• **TO DO**
Each line from the one that holds "(αAz = 229,6°) |" to the end of the records is to be retyped exactly. Pictures are not part of the copy.

• **THE DATA**
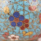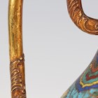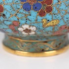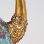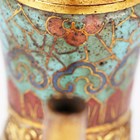 A Chinese cloisonné enamel and gilt copper ewer, mark and period of Qianlong, the pear-form body decorated with blue, red, yellow, white and pink prunus on a 'cracked ice' turquoise ground, the neck with further prunus above a stiff leaf collar and band of ruyi heads, the gilt domed cover with Buddhistic lion knop finial, flanked by a gilt chimera mouth scroll spout and foliate capped scroll handle, incised four-character mark within double square to base, height 18.5cm. Note: for a similar Qianlong mark and period ewer with Buddhistic lion finial, see Lot 542, 'Imperial Pursuits: Treasures from the Palace Workshops' sale, 2nd May 2005, Sotheby's Hong Kong.
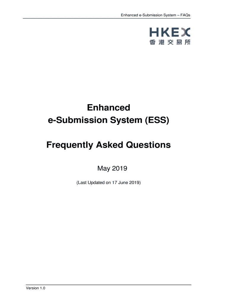 Enhanced submission System FAQsEnhanced submission System (ESS) Frequently Asked Questions May 2019 (Last Updated on 17 June 2019)Version 1.0Enhanced submission System Stable of Contents INTRODUCTION
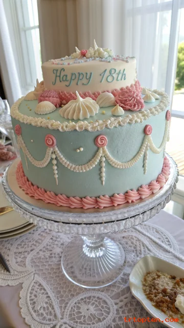 Pick a base color like baby blue, mint, or pink, then layer on shells, swags, ruffles, and tiny rosettes. Ask your baker to include “18” or your name piped in the center in retro script.
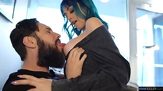 Blue haired chick Jewelz Blu is fucked by bearded beau
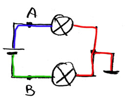 rot: 0 V, grün: 4,5 V, blau: 9 V An der linken Lampe liegteine Spannung von 0 V; sie leuchtet nicht. Die rechte leuchtet.
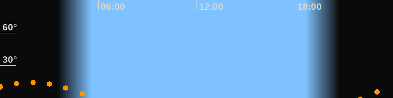 | Untergang | 05:39 Uhr im Südwesten (αAz = 229,6°) |
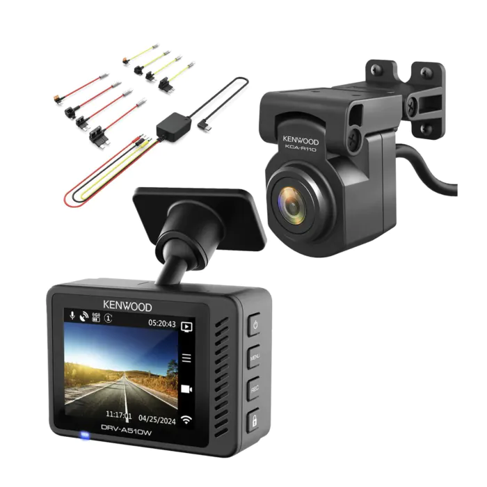 The DRV-A601W is equipped with 8.3 Megapixel* Wide 4K recording and 3.0" Full Colour TFT. Easily share recorded videos directly to social media using the KENWOOD DASH CAM MANAGER smartphone application (iOS or Android). The KENWOOD VIDEO PLAYER is a desktop software for displaying video recorded with this device (Windows & Mac). The camera is equipped with a G-Sensor designed to detect a collision, and GPS that records speed, latitude, and longitude. When the vehicle is parked and turned off, parking mode becomes active (CA-DR1030 Included). When in Dual Camera Recording Mode with KCA-RC200 (Included), both cameras maximum recording resolution is 3.7 Megapixeg. The camera works with both 12V and 24V applications. MicroSDXC/SDHC card 8GB to 256GB are supported, 64GB microSD card is included.
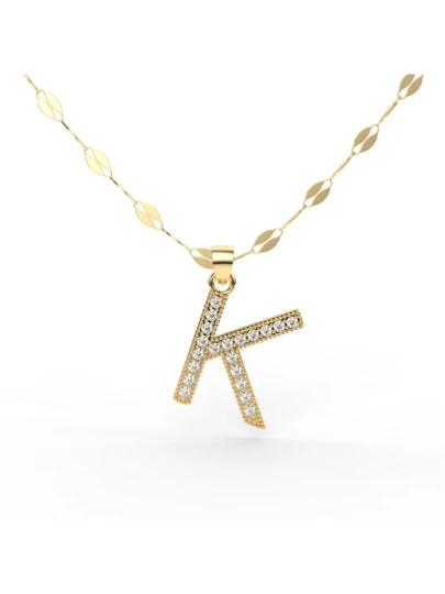 Romantika Jewelry Initial Letter Necklace 10K Carat Gold Italian - K - 查看 1
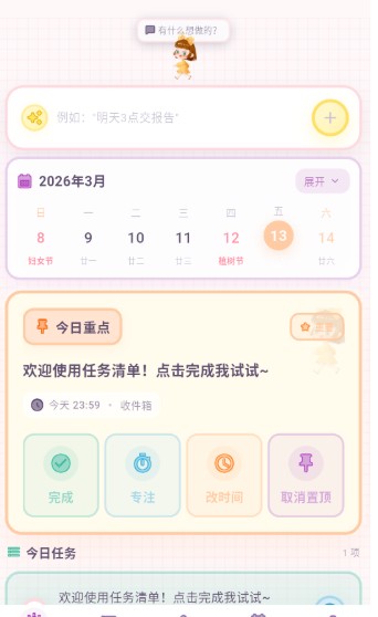 2、待办清单:清晰展示各类待办事项,可随时新建清单,便捷添加个人待办内容。
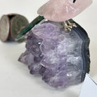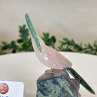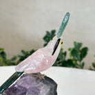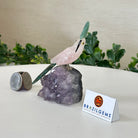 X-Small Hand-Carved Rose Quartz Cockatoo 4.4" Long on an Amethyst Base #3001-RQCAM-073

• **SOLUTION TO THIS TASK**
 | Untergang | 05:39 Uhr im Südwesten (αAz = 229,6°) |
 The DRV-A601W is equipped with 8.3 Megapixel* Wide 4K recording and 3.0" Full Colour TFT. Easily share recorded videos directly to social media using the KENWOOD DASH CAM MANAGER smartphone application (iOS or Android). The KENWOOD VIDEO PLAYER is a desktop software for displaying video recorded with this device (Windows & Mac). The camera is equipped with a G-Sensor designed to detect a collision, and GPS that records speed, latitude, and longitude. When the vehicle is parked and turned off, parking mode becomes active (CA-DR1030 Included). When in Dual Camera Recording Mode with KCA-RC200 (Included), both cameras maximum recording resolution is 3.7 Megapixeg. The camera works with both 12V and 24V applications. MicroSDXC/SDHC card 8GB to 256GB are supported, 64GB microSD card is included.
 Romantika Jewelry Initial Letter Necklace 10K Carat Gold Italian - K - 查看 1
 2、待办清单:清晰展示各类待办事项,可随时新建清单,便捷添加个人待办内容。
 X-Small Hand-Carved Rose Quartz Cockatoo 4.4" Long on an Amethyst Base #3001-RQCAM-073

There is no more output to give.